The Accessibility Problem is a Product Problem, Not a User Problem
Boshuyzen's hottest take has nothing to do with AI. It is about where responsibility for email accessibility actually sits, and why it keeps not moving. The pattern she describes is consistent: emails that fail basic accessibility checks are frequently built from drag-and-drop templates by marketers who cannot access the underlying code and would not know what to fix if they could. The problem is upstream.
She names specific gaps she called out publicly at the industry conference by Litmus: the ability to set language attributes, the ability to set direction attributes for right-to-left languages like Arabic and Hebrew. Without a direction attribute, an ESP that assumes left-to-right rendering will display Hebrew letters in reverse order. She has watched it happen in real production emails. The fix is not complicated. It is not prioritized.
"It's not enough for us, the users, to keep telling the companies that we want these to happen. We've been asking for this for years, and it feels like all that feedback goes into a black box."
Her call is specifically to product managers at ESPs and the editor platforms those ESPs white-label: contrast ratios, alt text fields, language and direction attributes are not large engineering lifts. They are prioritization decisions. Until those decisions get made, the marketers using these tools are unknowingly sending inaccessible email at scale, with no mechanism to fix it themselves.
The Design System is Where the Real Work is
The project Boshuyzen is most energized by is the email design system she is building at Inbox Army, a single code base that supports the full range of e-commerce email layouts the agency produces. It is more complex than the SaaS company system she built previously because e-commerce means image-heavy layouts, multiple product configurations, and variant logic that keeps expanding as she builds emails against it and finds new edge cases.
Her architectural approach is worth noting because it runs counter to a common assumption.
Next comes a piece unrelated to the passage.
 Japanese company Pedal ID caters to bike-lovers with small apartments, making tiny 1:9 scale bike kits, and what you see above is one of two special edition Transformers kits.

She codes using ghost tables and divs rather than pure tables, which some experienced developers argue is essentially writing the email twice. Her counterargument is forward-looking: when the Outlook Word rendering engine is eventually retired, removing the ghost tables is the only change required. The rest of the code is already written in modern standards.
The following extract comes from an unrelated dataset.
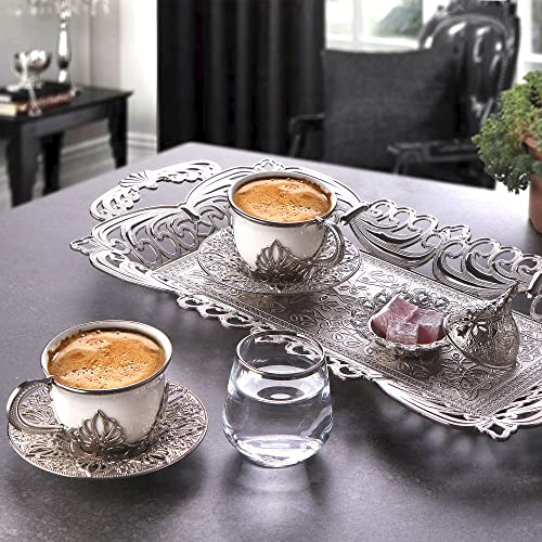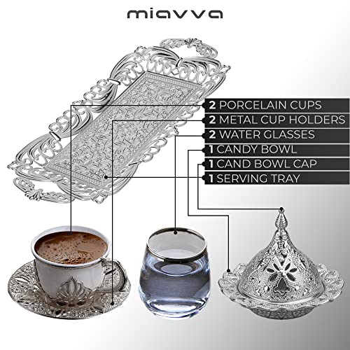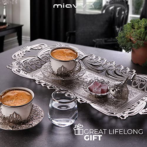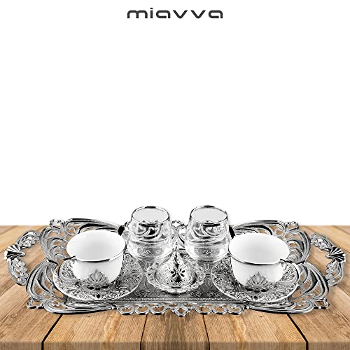 miavva - Turkish Coffee Set - Turkish Coffee Espresso Set (9 Pieces) (Silver)

"Instead of having to recode all of our emails to new modern standards, we can just take out the ghost tables and we're done with it."
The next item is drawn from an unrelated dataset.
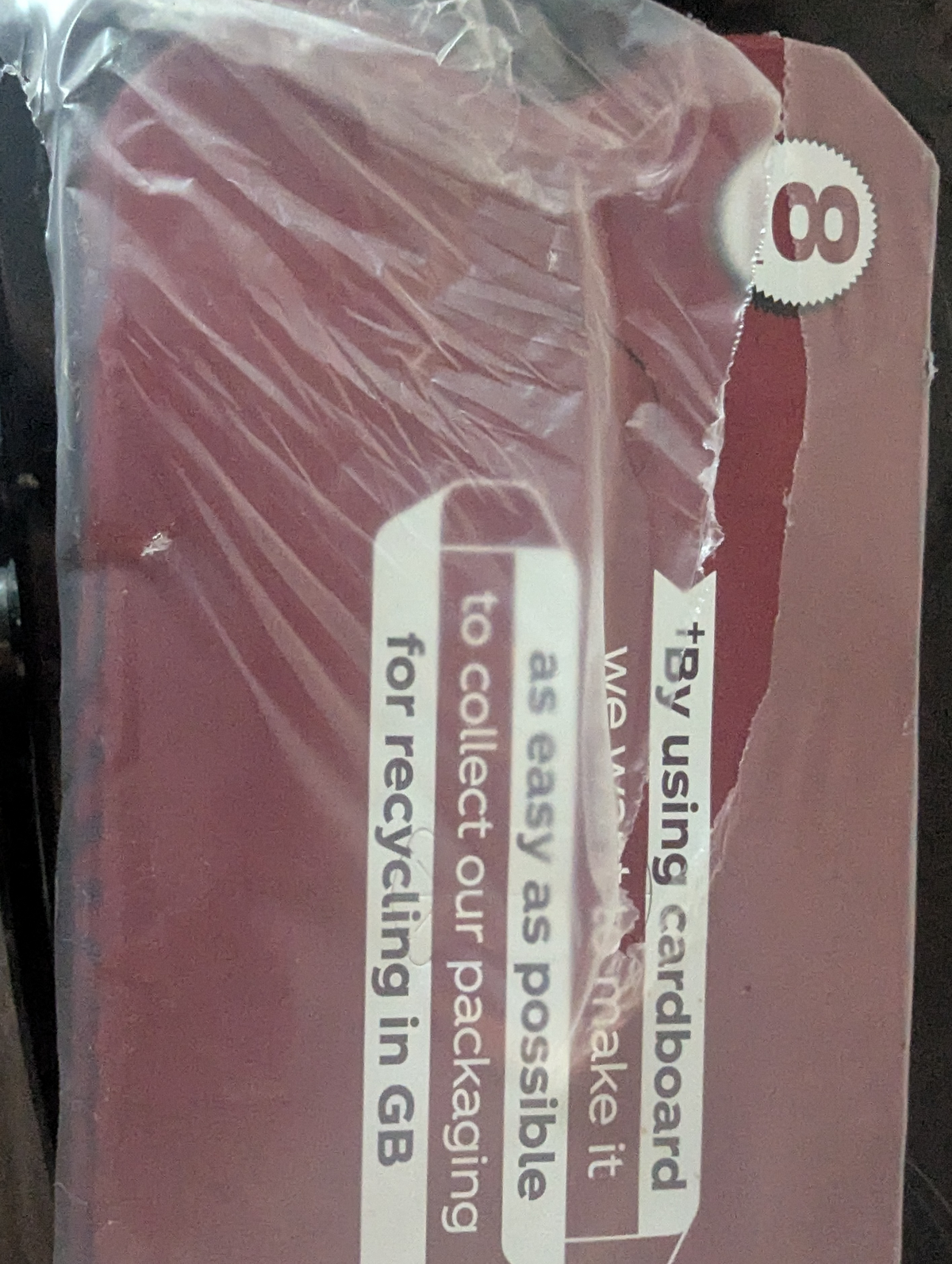 More cardboard, less plastic—except for this cryptic corner that still clings on. Maybe next time we’ll break up with plastic for good. It’s like eco-packaging with one foot on each side of the environmental fence.

Claude Code's role in this project is specific: helping with the JavaScript that ties the design system together, catching small errors in complex component logic, and handling calendar and project management automation, freeing her attention for the actual development work. The AI is an assistant inside a system she architects and owns. That is a meaningfully different relationship than asking a model to generate an email from a brief.
Three Takeaways
Feed your institutional knowledge into every prompt. Your rendering fixes, client-specific workarounds, and accessibility requirements will not be in any model's training data. If you do not provide them, you get a generic average approximation of email code, not code calibrated to your actual production environment.
Enterprise-level email programs still require systems thinking that AI and drag-and-drop editors cannot substitute for. Developers who learn coding fundamentals first and layer AI on top will outlast those who build AI-dependent workflows, because they can troubleshoot when models change behavior or go down.
If you are a product manager at an ESP, the accessibility gaps in your drag-and-drop editor are your responsibility to fix, not your users'. Contrast ratios, language attributes, and direction attributes are not large engineering lifts. They are prioritization decisions that have been deferred long enough.
Special thanks to Claude for helping to summarize this conversation.